Open conniecl opened 7 years ago
I'm having the same issue. After looking at the code, here is what I learned:
unsigned int N_site_mismatches = 0;
for (vector<int>::iterator ac = allele_counts.begin(); ac != allele_counts.end(); ++ac)
{
N_site_mismatches += (*ac * (N_non_missing_chr - *ac));
}
if (N_site_mismatches == 0)
continue; // Site is actually fixed.
If a site has a fixed allele, it is disregarded. A site is defined by allele count (AC) and non missing samples (not ./.). A quick way to check is to see if you have sites where AC = 2 * number of samples. (assuming none of the samples have missing data).

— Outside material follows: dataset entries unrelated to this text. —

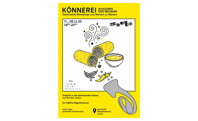 Wir tauchen ein in die farbenfrohe Welt asiatischer Gewürze und entdecken ihre intensiven Aromen und Geschmäcker. Wir lernen, wie wir zuhause unsere ganz persönliche Gewürzmischung herstellen können. Gemeinsam bereiten wir Murukku zu – ein köstliches Apéro aus Sri Lanka und Indien.
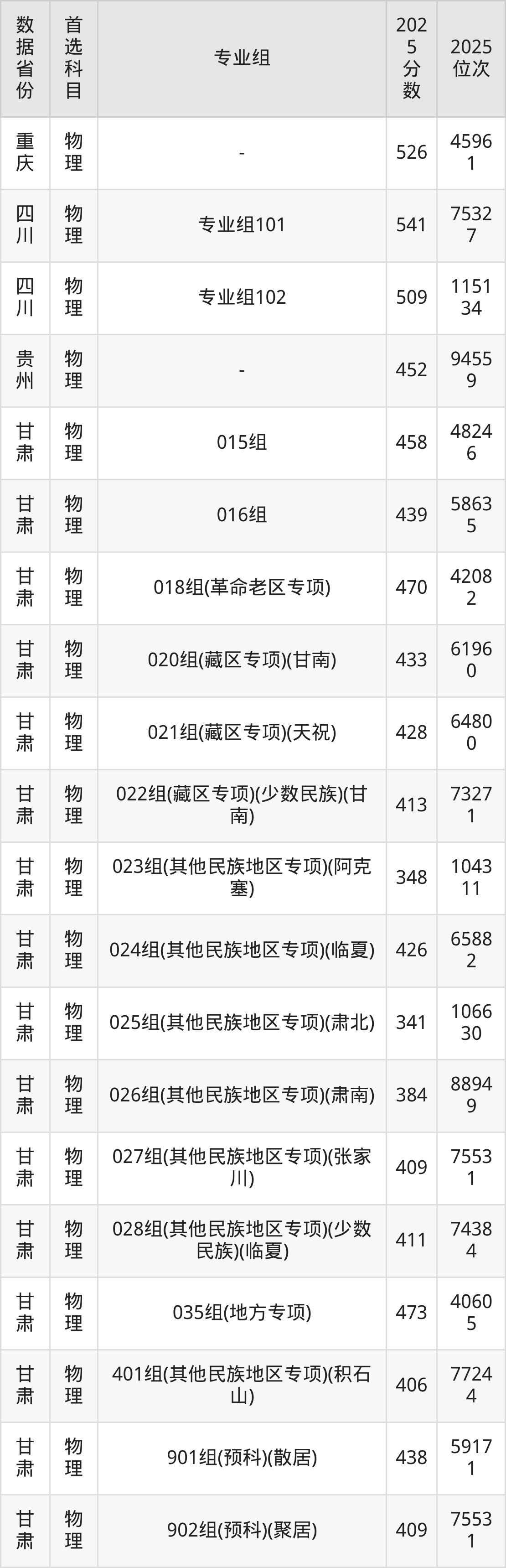 | 物理 | 护理学 | 少数民族紧缺 人才培养专项 | 1 |
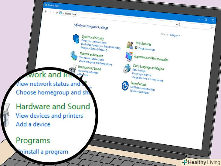 НатиснітьПерегляд пристроїв і принтерів. це заголовок у нижній частині сторінки.- Якщо в меню «Перегляд» (у верхній правій частині вікна) обрана опція «Дрібні значки» або «великі значки», натисніть «пристрої та принтери».
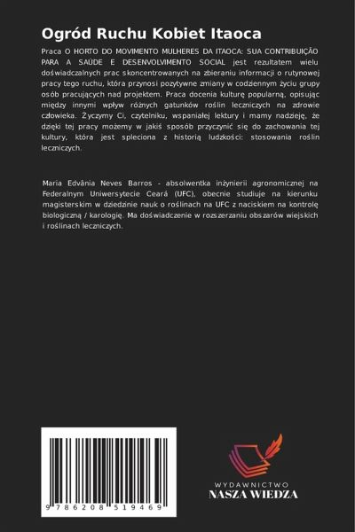 Praca O HORTO DO MOVIMENTO MULHERES DA ITAOCA: SUA CONTRIBUIÇÃO PARA A SAÚDE E DESENVOLVIMENTO SOCIAL jest rezultatem wielu do¿wiadczalnych prac skoncentrowanych na zbieraniu informacji o rutynowej pracy tego ruchu, która przynosi pozytywne zmiany w codziennym ¿yciu grupy osób pracuj¿cych nad projektem. Praca docenia kultur¿ popularn¿, opisuj¿c mi¿dzy innymi wp¿yw ró¿nych gatunków ro¿lin leczniczych na zdrowie cz¿owieka. ¿yczymy Ci, czytelniku, wspaniäej lektury i mamy nadziej¿, ¿e dzi¿ki tej pracy mo¿emy w jaki¿ sposób przyczyni¿ si¿ do zachowania tej kultury, która jest spleciona z histori¿ ludzko¿ci: stosowania ro¿lin leczniczych.

Hi, While using vcftools for window-pi analysis, I found in the output, the number of N_VAEIANTS is different with my input VCF files. And here is my command:
vcftools_0.1.13/bin/vcftools --vcf chr9.hmp3.vcf --window-pi 20000 --window-pi-step 2000 --out ./chr9.hmp3.20k
And part of the output:in BIN 1-20000, the input contain 474 snp actually, instead 446 in the output file. I also check if it just use bi-allele, or filer some snp by missing rate, but can not find a rule about it. How the vcftools calculate the N_VARIANTS? Sincerely hope can get some advise, and thanks in advance.